Continuing a crackdown on alleged mortgage fraud, Massachusetts regulators issued cease-and-desist orders against two mortgage brokerages Monday and shut down a third unlicensed lender. 

Since issuing emergency regulations Sept. 8, the Massachusetts Division of Banks has conducted sweeps looking for instances in which borrowers’ income was inflated to qualify them for loans they could not afford. Surprise inspections have turned up many instances in which falsified documents were used to inflate incomes.

A public hearing on the emergency regulations is scheduled for 10 a.m. Oct. 17 at One South Station, 5th Floor, in Boston. The new regulations would explicitly forbid lenders from falsifying income or asset information, or having borrowers sign blank or incomplete loan applications.
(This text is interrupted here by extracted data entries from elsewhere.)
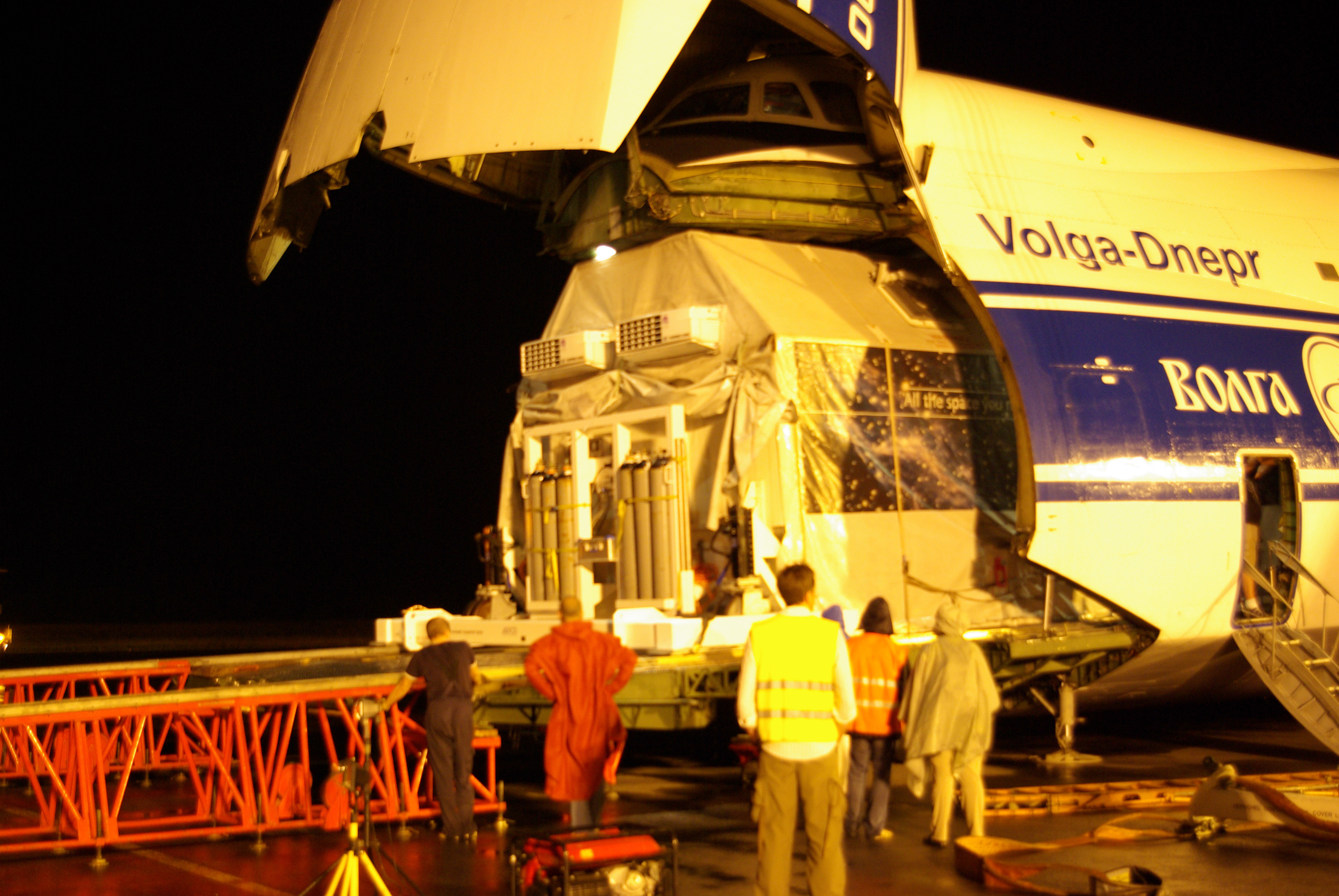 ESA Science & Technology - Removing Herschel container from the Antonov cargo airplane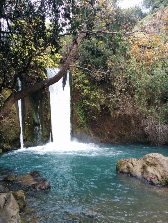 Дальше мы отправились на водопады Баниас. Там есть несколько маршрутов разной длины. И два разных входа - один непосредственно к водопадам, а второй к развалинам древнего города, пещере и месте, откуда начинается ручей Баниас, самый большой из истоков Иордана. По одному билету можно посетить оба места, или добраться по самому длинному маршруту пешком.
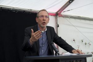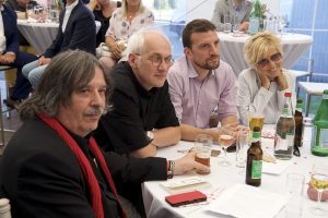 Die längste Laudatio hielt anschließend Alvin Sold, der die Geehrte wohl am besten kennt und sie als seine Nachfolgerin im Unternehmen aufgebaut hatte. Er sprach vom rasanten Wandel, den die Medienbranche im über 40-jährigen Berufsleben Danièle Foncks durchlebte. Was nichts daran ändert, dass „Danièle Fonck eine große Journalistin war. Neugierig, talentiert und vor allem unermüdlich“, so Foncks Vorgänger. „Und sie stellte sich der Herausforderung, als es darum ging, für den Gesamtbetrieb Verantwortung zu übernehmen. (…) Ich verneige mich also hiermit in großer Dankbarkeit vor Danièle Fonck und wünsche ihr für die Zukunft alles Gute im Privat- und im ‚Berufsleben‘. Denn richtige Journalisten bleiben Journalisten bis zum letzten Atemzug“, so Alvin Sold.

In the latest inspections, cease-and-desist orders were issued against two licensed brokers, Confidence Mortgage and Middlesex Financial Associates LLC, who allegedly falsified information on loan documents. The Division of Banks also determined that Buffalo, N.Y.-based Treasury Financial Group was not licensed to conduct business in Massachusetts, and closed its offices in the state.

In a Sept. 7 inspection of Confidence Mortgages main office in Lawrence, inspectors allegedly found evidence that income had been overstated on at least five loans. In three instances, the company’s employees allegedly altered or redacted documents that verified the income or employment of the loan applicant, regulators said in an Oct. 2 cease-and-desist order.

In an Aug. 30 inspection of Middlesex Financial’s Moultonboro, N.H., office — where the company kept files on loans issued in Massachusetts — and in subsequent visits to an unlicensed branch office in Lowell, investigators said they found discrepancies in loan documents

In six loans involving four condominiums and two homes, three borrowers each obtained loans on two properties, listing each property as their primary residence without disclosing their other mortgage on the other loan application.

Some of the loan applications also contained false or misleading information about the number of units being purchased, investigators alleged. Four mortgages involving condos, for example, stated the number of units being purchased as three, instead of one.

“Middlesex Financial knew or should have known that the property information reported, specifically the number of units being purchased, the number of units in each property, the mortgage liabilities of the applicant, and a designation as a primary residence would be relied upon in underwriting the mortgage loan by the mortgage lender or financial institution to which the mortgage loan applications were brokered by the Company,” the Division of Banks said in an Oct. 2 cease-and-desist order.

The latest sweeps bring the number of enforcement actions taken by the Division of Banks in recent weeks to 17.